Dragosloveanu Serban, Vulpe Diana Elena, Andrei Constantin Adrian, Nedelea Dana-Georgiana, Garofil Nicolae Dragos, Anghel Cătălin, Dragosloveanu Christiana Diana Maria, Cergan Romica, Scheau Cristian
The "Carol Davila" University of Medicine and Pharmacy, Bucharest, Romania.
"Foisor" Clinical Hospital of Orthopaedics, Traumatology and Osteoarticular TB, Bucharest, Romania.
J Orthop Translat. 2025 Jul 17;54:51-64. doi: 10.1016/j.jot.2025.06.016. eCollection 2025 Sep.
Periprosthetic joint infection (PJI) is a serious complication that can occur after joint arthroplasty, such as hip or knee replacement surgeries.
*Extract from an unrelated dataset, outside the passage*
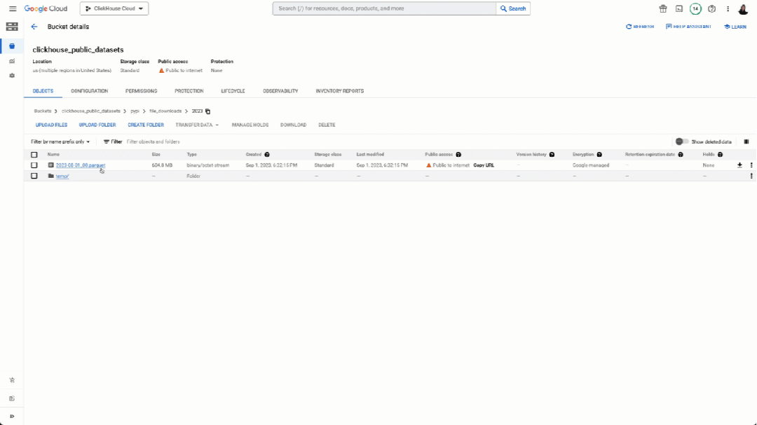 --23.7SELECTproject,count() AS cFROM s3('https://storage.googleapis.com/clickhouse_public_datasets/pypi/file_downloads/2023-07-31/*.parquet')WHERE (timestamp >= '2023-07-31 15:30:00') AND (timestamp <= '2023-08-31 16:00:00')GROUP BY projectORDER BY c DESCLIMIT 5┌─project────────────┬───────c─┐│ boto3 │ 9378319 ││ urllib3 │ 5343716 ││ requests │ 4749436 ││ botocore │ 4618614 ││ setuptools │ 4128870 │└────────────────────┴─────────┘5 rows in set. Elapsed: 83.644 sec. Processed 900.79 million rows, 134.94 GB (10.77 million rows/s., 1.61 GB/s.)--23.8SELECTproject,count() AS cFROM s3('https://storage.googleapis.com/clickhouse_public_datasets/pypi/file_downloads/2023-07-31/*.parquet')WHERE (timestamp >= '2023-07-31 15:30:00') AND (timestamp <= '2023-08-31 16:00:00')GROUP BY projectORDER BY c DESCLIMIT 55 rows in set. Elapsed: 34.993 sec. Processed 338.86 million rows, 51.17 GB (9.68 million rows/s., 1.46 GB/s.)Peak memory usage: 95.61 MiB.

It involves the invasion of the periprosthetic space by pathogens, leading to severe inflammation and often requiring complex medical intervention. PJI is associated with significant morbidity, increased healthcare costs, and a reduced quality of life for patients. This study aims to evaluate the performance of multiple supervised machine learning models in predicting PJI using clinical and demographic data collected from patients who underwent joint arthroplasty.
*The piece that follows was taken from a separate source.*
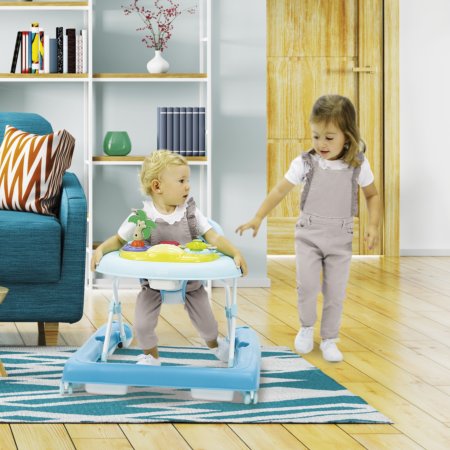 Aktivitetsdelen är utrustad med leksaker, lampor och musik. Gåvagnen har hjul på undersidan och 6 bromsklossar som säkerställer att gåstolen låses när det kommer höjdskillnader.

Eight supervised machine learning models-Logistic Regression, Random Forest, XGBoost, Artificial Neural Network (ANN), k-Nearest Neighbors (KNN), AdaBoost, Gaussian Naive Bayes (GNB), and Stochastic Gradient Descent (SGD)-were trained and tested on a dataset of 27,854 patients. Models were evaluated using accuracy, precision, recall, specificity, F1 score, and area under the ROC curve (AUC).
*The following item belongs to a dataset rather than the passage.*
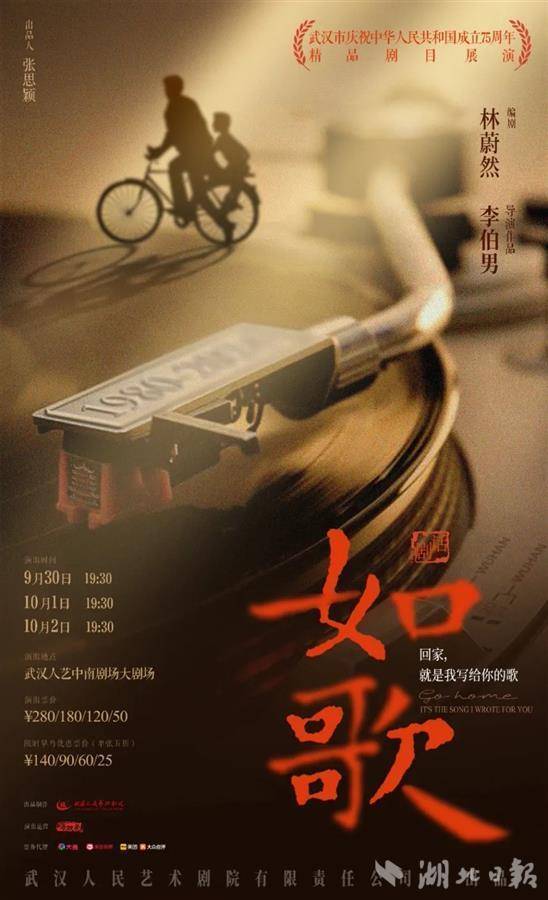 假期里,武汉人民艺术剧院共为观众准备了20场精彩演出,涵盖了话剧、木偶剧、儿童剧、实景木偶剧等。其中,话剧《如歌》是该剧的首演,9月30日晚在中南剧场上演;10月1日至10月7日,实景木偶剧《大禹晴川情》将在每晚7点半在晴川阁上演。

Random Forest and XGBoost showed the best overall performance, with high accuracy and balanced metrics across all evaluation criteria. KNN also performed strongly, particularly in minimizing misclassifications. GNB and SGD yielded weaker results, with higher error rates.
Random Forest, XGBoost, and KNN are the most promising models for clinical implementation in PJI prediction. Their robust performance may support earlier diagnosis and improved patient outcomes in orthopedic care.
This study demonstrates that machine learning models-particularly Random Forest and XGBoost-can accurately predict periprosthetic joint infection (PJI) using structured electronic health record data. By integrating these models into preoperative assessment workflows, clinicians may be able to identify high-risk patients earlier, personalize prophylactic strategies, and reduce infection-related morbidity. The implementation of these predictive tools has the potential to enhance clinical decision-making, improve surgical outcomes, and optimize the use of healthcare resources in orthopedic practice.
人工关节周围感染(PJI)是关节置换术后可能发生的一种严重并发症,如髋关节或膝关节置换手术。它涉及病原体侵入人工关节周围间隙,导致严重炎症,通常需要复杂的医疗干预。PJI与显著的发病率、增加的医疗费用以及患者生活质量下降相关。本研究旨在使用从接受关节置换术的患者收集的临床和人口统计学数据,评估多个监督机器学习模型在预测PJI方面的性能。
在一个包含27854例患者的数据集上对八个监督机器学习模型——逻辑回归、随机森林、XGBoost、人工神经网络(ANN)、k近邻(KNN)、AdaBoost、高斯朴素贝叶斯(GNB)和随机梯度下降(SGD)进行训练和测试。使用准确率、精确率、召回率、特异性、F1分数和ROC曲线下面积(AUC)对模型进行评估。
随机森林和XGBoost表现出最佳的整体性能,在所有评估标准中具有高准确率和平衡的指标。KNN也表现出色,特别是在最小化错误分类方面。GNB和SGD的结果较弱,错误率较高。
随机森林、XGBoost和KNN是PJI预测临床应用中最有前景的模型。它们的稳健性能可能支持骨科护理中更早的诊断和改善患者预后。
本研究表明,机器学习模型——特别是随机森林和XGBoost——可以使用结构化电子健康记录数据准确预测人工关节周围感染(PJI)。通过将这些模型整合到术前评估工作流程中,临床医生可能能够更早地识别高危患者,个性化预防策略,并降低感染相关的发病率。这些预测工具的实施有可能加强临床决策,改善手术结果,并优化骨科实践中医疗资源的使用。